The clip she posted had, of course, gotten instant waves of lusty enthusiasm, as you'd expect.
I wrote an appreciation of the scene and when she said she was posting it, I wondered if anyone would read it.
Well, yes and no. A percentage did, but most repeated their lusty enthusiasm for the scene itself.
I figured that's what would happen, and as I read the comments, I thought of how the faux Sean Connery on an SNL parody of "Jeopardy" pronounced a category as "THE PENIS MIGHTER." The category was "The Pen Is Mightier."
Yes, the lusty picture of Catwoman is a might more interesting than anything written about her!
When Julie posts one of her own editorials on current events not many read it. BUT...if she posts a photo...the comments explode.
That's what happened on December 12th when her webmaster Pablo imbedded the clip on Facebook (not linked to fuzzy YouTube) and offered a high-definition 3 minutes of a classic seduction scene. Over A QUARTER OF A MILLION watched!

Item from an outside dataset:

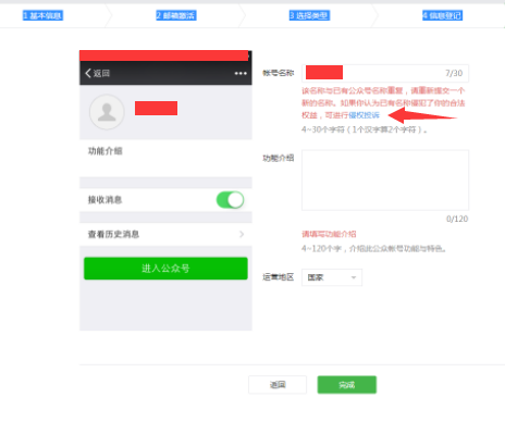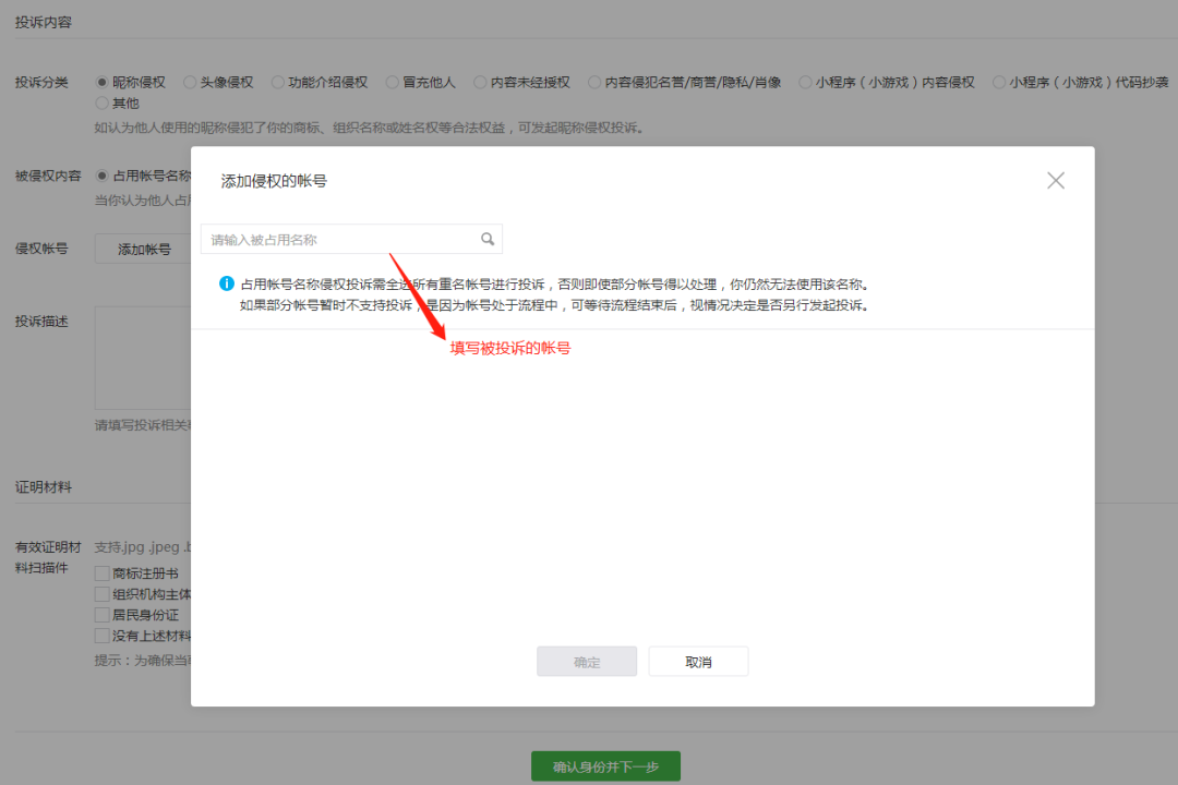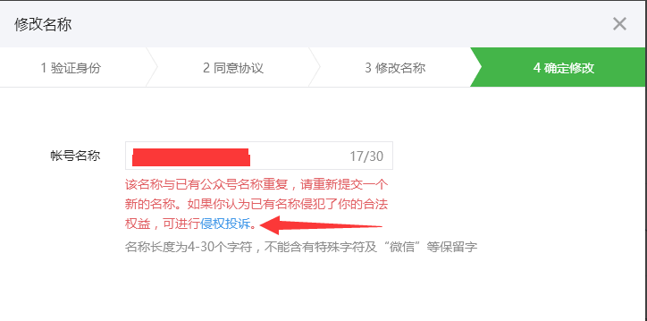 三、若注册过程中填写帐号名称或者认证改名过程中发现重名帐号,可发起侵权投诉;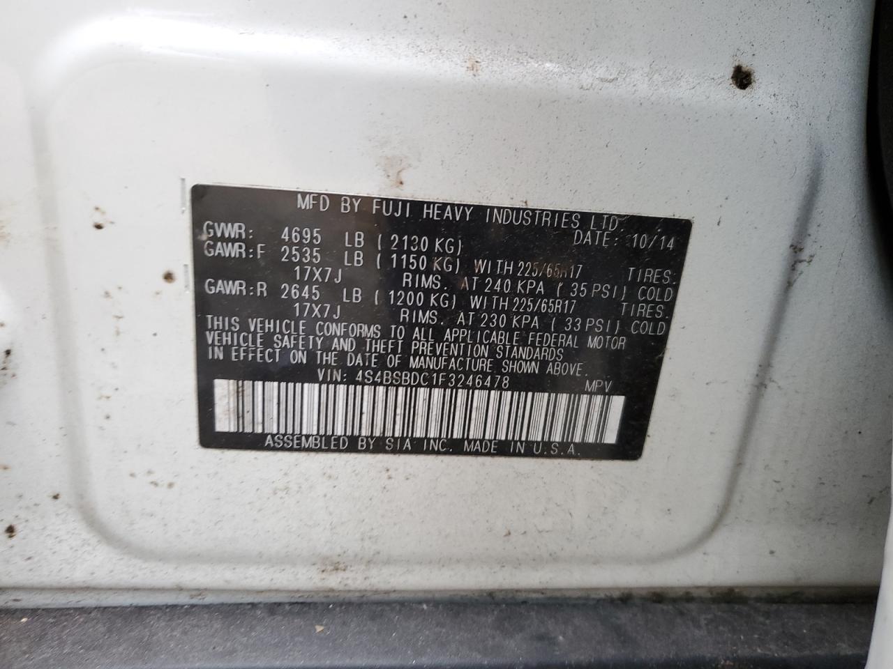 VIN: 4S4BSBDC1F3246478

I hadn't seen the clips in years, and not in such Hi-Def. I watched and (curse of the writer) it had me thinking. So I knocked out some thoughts about it, and sent it to Julie.
She called me a day or two later, and asked if she could put my email on her website (JulieNewmarWrites, which is for her memoirs and editorials etc.) and post it to Facebook.
Here's the email :
That thing, or part of it, on Facebook?
"Love Letter" was of course, her header, not the one on my email! But sure. When my book "Sweethearts of 60's TV" came out, a guy who had a local TV show commented, "the chapter on Julie, that's like a love letter!" And I thought, well, I've known Julie longer and a lot better than Diana Rigg or Dawn Wells (only met them once each), but I thought I treated all 16 chapters with equality.
When I saw the comments, which were competing with a re-post of the visuals...
...another quote came to mind: "Well I just had to laugh. I saw the photograph..."
Yes, just another "Day in the Life" for Julie's Facebook followers. The photo is MUCH more important than the prose!
I'd say the response was 20% liking what I wrote, and 80% commenting on the picture.
The Penis Mightier than the pen? One picture of Julie is worth a thousand words. Although to be fair, I shouldn't limit this to "The Penis Mighter," as some of Julie's FEMALE fans were more enraptured with her image than my prose, too.
Back in the day, the professionals who worked on weekly TV shows were able to do some amazing and enduring things, and make them look easy.
I think writers often make it seem easy. Go ahead, your assignment would be write even 500 words on that scene between Catwoman and Batman, and don't just repeat WOW and PURRFECT 250 times each.
I once mentioned to Norman Mailer (speaking of name-dropping) how impressed I was with a moment in the film "When We Were Kings." Over some clips from the Ali-Foreman fight, Norman's DESCRIPTION of it (from his book "The Fight") didn't merely serve as play-by-play. It enhanced the viewer's appreciation of the action and, "informed" it.
I suppose there are museum guides who will rotely tell you when the painter lived and died while pointing to a masterpiece, and others who will explain the symbolism and point to the technique. (And there will be people who just want to glimpse the painting, say they saw it, take a cell phone image of it, and move on!)
I'm fine with one fifth of the comments having any reference to me. It wasn't a "piece," after all, just one of the many emails and letters I've sent to my friend over many, many years. It wasn't intended for "publication." To have it appear as is (unedited) is a nice compliment.
You might be moved to check the clip on the Internet somewhere. And if you say "well, it speaks for itself," that's fine with me.